Start of RECORDS FOR THE TASK
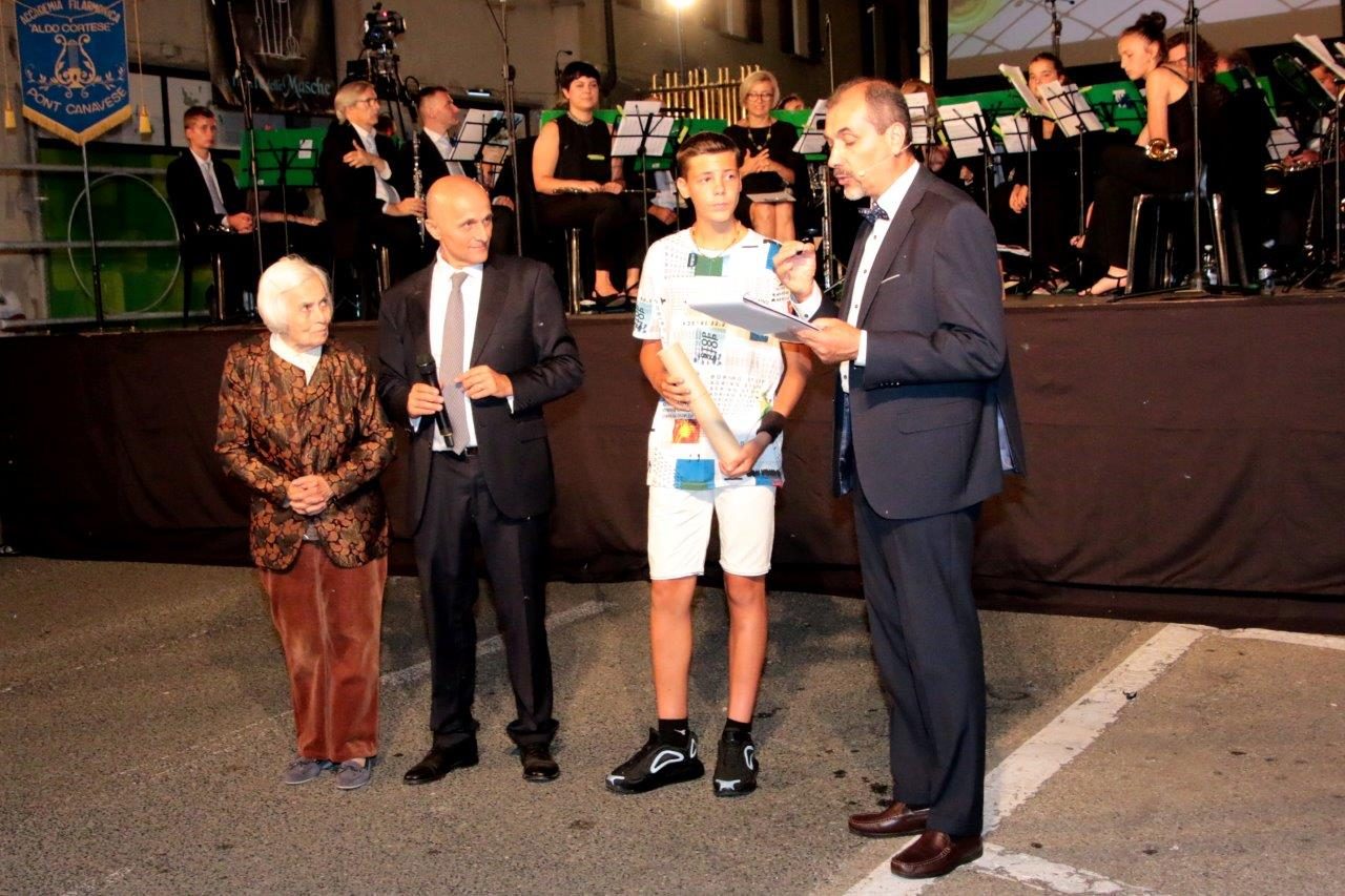 Come da tradizione, durante il concerto, presentato da Franco Basolo e Daniela Colombatto, sono state assegnate anche le borse di studio destinate ad allievi particolarmente meritevoli dell’Istituto Comprensivo di Pont Canavese, intitolate alla memoria del professor Pietro Rastel Bogin, fondatore dell’associazione «Amis dla RuA». Quest’anno il riconoscimento è andato a Joana Andrea Grigorian per la scuola elementare ed a Sebastian De Luca per la scuola media. A consegnare le borse di studio la vedova del professore, Cecilia Videsott, e il figlio Carlo, presidente degli «Amis dla Rua». Moltissime le presenze istituzionali nel parterre del concerto: dal Console onorario delle Filippine Maria Grazia Cavallo, all’onorevole Francesca Bonomo, al consigliere regionale Mauro Fava, ai sindaci di Pont, Paolo Coppo, Cuorgnè, Beppe Pezzetto, Rivarolo, Alberto Rostagno e Colleretto Castelnuovo, Aldo Querio Gianetto.
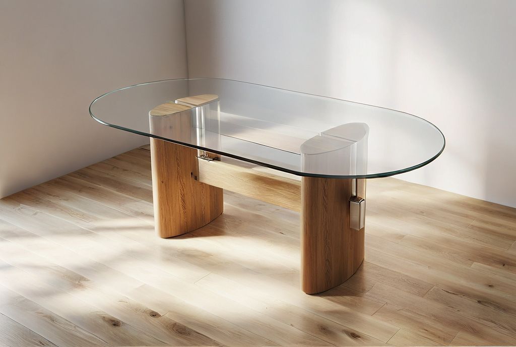 PromptREALISTIC RENDER OF A TABLE WITH CLEAR GLASS TOP, OAK LEGS AND POLISHED CHROME BEAM
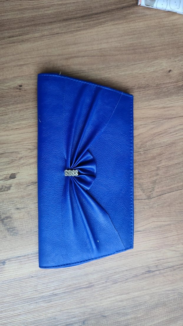 Mavi renkli, pilili ve parlak yüzeye sahip kadın portföy çanta, minimalist ve çağdaş tasarıma sahiptir, düğün için uygundur. içinde zinciri de mevcuttur
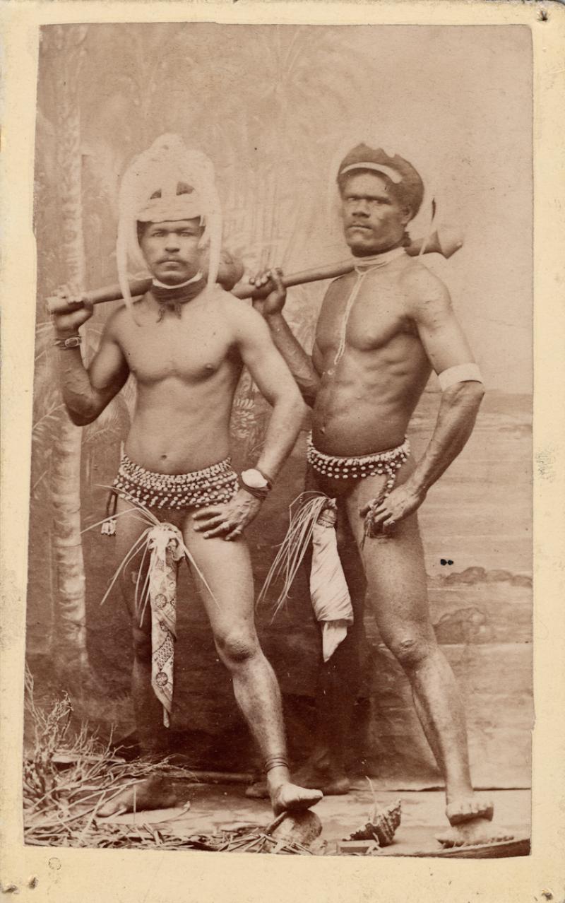 The Museum’s Oceania collections are internationally significant. Although not the largest – with around 10,000 items – it is extremely rich in early images and documentation. It includes a collection of photographs taken for C.F. Wood in Fiji, Samoa and the Ellice Islands in 1873, as well as a well-documented collection by William A.D. Acland from expeditions to Vanuatu and Samoa in the 1880s. The 19th-century material also includes examples from many important colonial photographers, such as Thomas Andrew in Samoa, Josiah Martin in New Zealand and the Dufty Brothers in Fiji. There is a group of images from the Burton Brothers’s 1885 'Coral Islands' series (from Fiji, Tonga and Samoa) with original stamped mounts. There are also important field collections by Diamond Jenness (Massim, 1911–12), A.C. Hocart (Fiji, c.1910), and Beatrice Blackwood in Papua New Guinea, New Britain and the Solomon Islands (1930s). The Museum also holds one of the most significant photograph and manuscript collections relating to the New Zealand guide and personality Makereti (1873–1930), who was associated with the Museum.
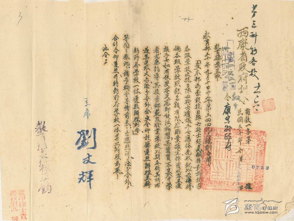 劉文輝簽文:“各級學校優(yōu)先收錄抗日陣亡將士遺族。
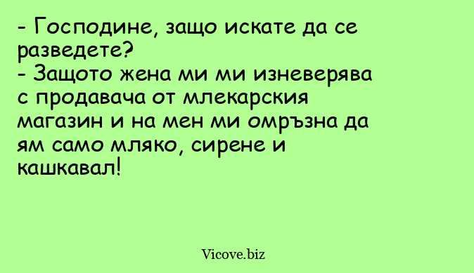 - Защото жена ми ми изневерява с продавача от млекарския магазин и на мен ми омръзна да ям само мляко, сирене и кашкавал!
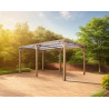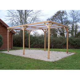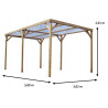 Materiale: Legno lamellare di abete e douglasDimensioni esterne: 339 x 360 cmSuperficie coperta: 12,2 m²Altezza passaggio: 2,05 mAltezza colmo: 2,17 mCopertura: Doghe in douglas regolabili, sezione 20 x 95 mmPali: Sezione 120 x 120 mm, legno lamellareTravi: Sezione 120 x 45 mm, abete rosso trattatoTrattamento: Non trattato, da impregnare dopo il...
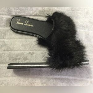 Lauren Lorraine Black Fluffy Sandals Size L Women’s Size 10
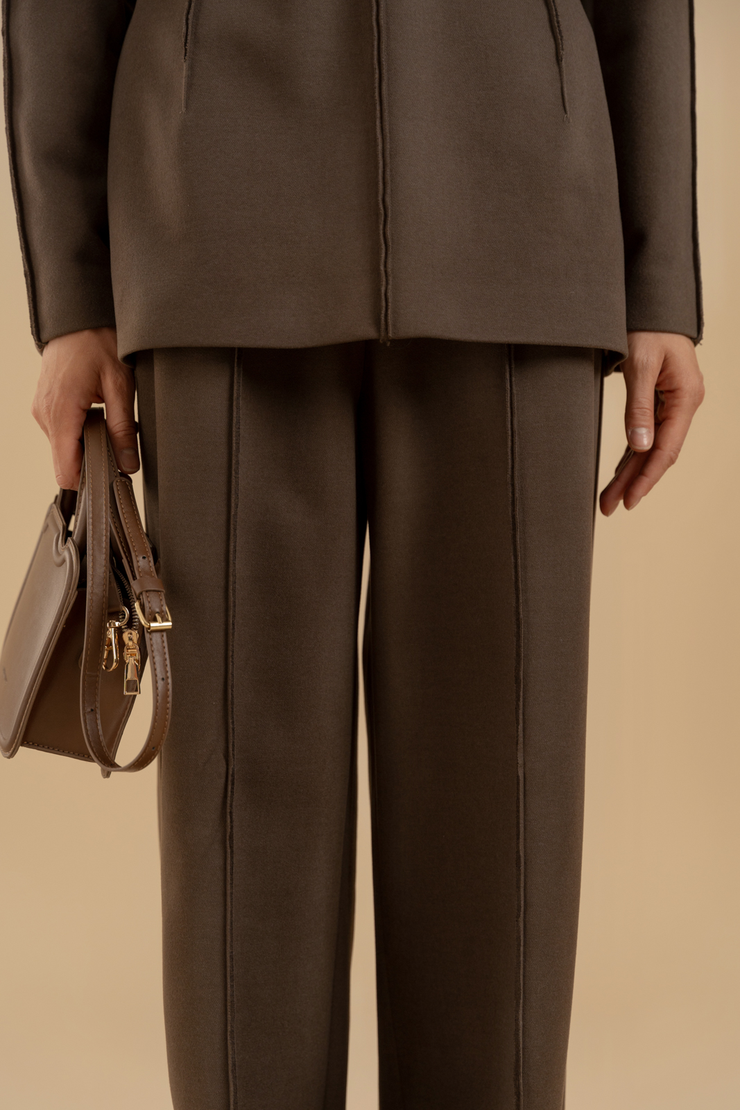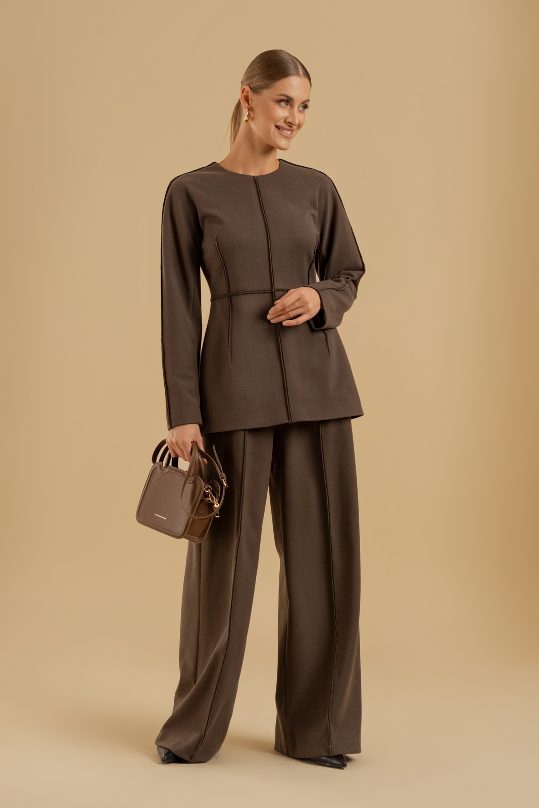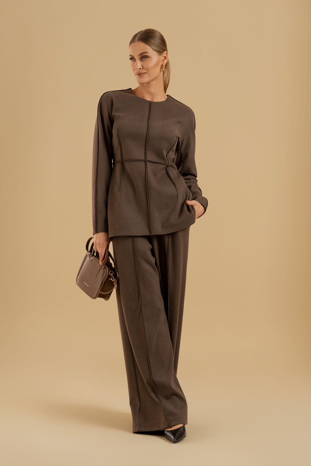 Комплект женский двухпредметный из мягкого трикотажного полотна приталенного силуэта. Блуза - на трикотажной подкладке. Вырез горловины - неглубокий, округлой формы. Рукава - цельнокроеные с ластовицами. По спинке в среднем шве - застежка молния. Брюки - свободного покроя. Пояс - отрезной с эластичной тесьмой. В боковых швах имеются карманы. По передним деталям выполнены вертикальные подрезы. Изделие декорировано отделочными швами с необработанными срезами.
End of RECORDS FOR THE TASK
Please print the lines above word for word, starting at the one with "PromptREALISTIC RENDER OF" and ending at the one with "Mavi renkli, pilili", both included, and without any picture.

 PromptREALISTIC RENDER OF A TABLE WITH CLEAR GLASS TOP, OAK LEGS AND POLISHED CHROME BEAM
 Mavi renkli, pilili ve parlak yüzeye sahip kadın portföy çanta, minimalist ve çağdaş tasarıma sahiptir, düğün için uygundur. içinde zinciri de mevcuttur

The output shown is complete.